Data —
+ + + + + + +
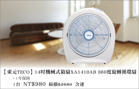 | 東元TECO-14吋機械式箱扇XA1410AB 360度旋轉循環扇-東元14吋循環扇,360度雙向旋轉,三速風速可選,調節空氣流通,讓整個空間更為涼爽,搭配冷氣效果更佳只要980元(含運)即可購得【東 售價:980 我要購買 |
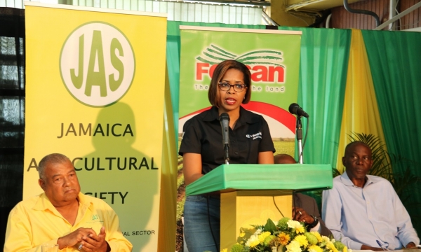 Lenworth Fulton (2nd left), President of the Jamaica Agricultural Society (JAS), welcomes Champion Farmer 2018 Martin Zsifkovics to the launch of National Farmers’ Month, held at the JAS headquarters in downtown Kingston on April 3, 2019. Others from left are Hedda Pitter, Business Development Manager, Newport-Fersan, and Peter Thompson, Chief Executive Officer, Rural Agricultural Development Authority. This year is the 36th anniversary of Farmers Month, held annually to celebrate the work of Jamaican farmers.
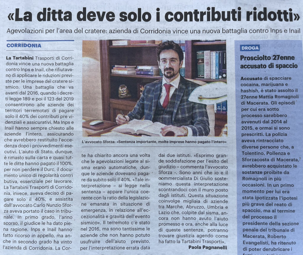 Respinti gli Appelli di INPS ed INAIL contro la Tartabini Trasporti difesa dall’Avv. Sforza: le Aziende ricadenti nel Cratere Sismico 2016 devono i contributi nella misura del 40% e non del 100%.
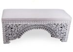 The captivating mid-sized Bench Perforated Full Mother of Pearl (Sadaf) with its intriguing Eastern Ancient Arc Design. This remarkable piece of furniture gracefully blends the elegance of modern aesthetics with the timeless charm of cultural heritage, making it an exquisite addition to your living space.
+ + + + + + +
Exercise prompt — The required output is every line from the beginning of the material above through the line with "Lenworth Fulton (2nd", exact and without pictures.

Result —
 | 東元TECO-14吋機械式箱扇XA1410AB 360度旋轉循環扇-東元14吋循環扇,360度雙向旋轉,三速風速可選,調節空氣流通,讓整個空間更為涼爽,搭配冷氣效果更佳只要980元(含運)即可購得【東 售價:980 我要購買 |
 Lenworth Fulton (2nd left), President of the Jamaica Agricultural Society (JAS), welcomes Champion Farmer 2018 Martin Zsifkovics to the launch of National Farmers’ Month, held at the JAS headquarters in downtown Kingston on April 3, 2019. Others from left are Hedda Pitter, Business Development Manager, Newport-Fersan, and Peter Thompson, Chief Executive Officer, Rural Agricultural Development Authority. This year is the 36th anniversary of Farmers Month, held annually to celebrate the work of Jamaican farmers.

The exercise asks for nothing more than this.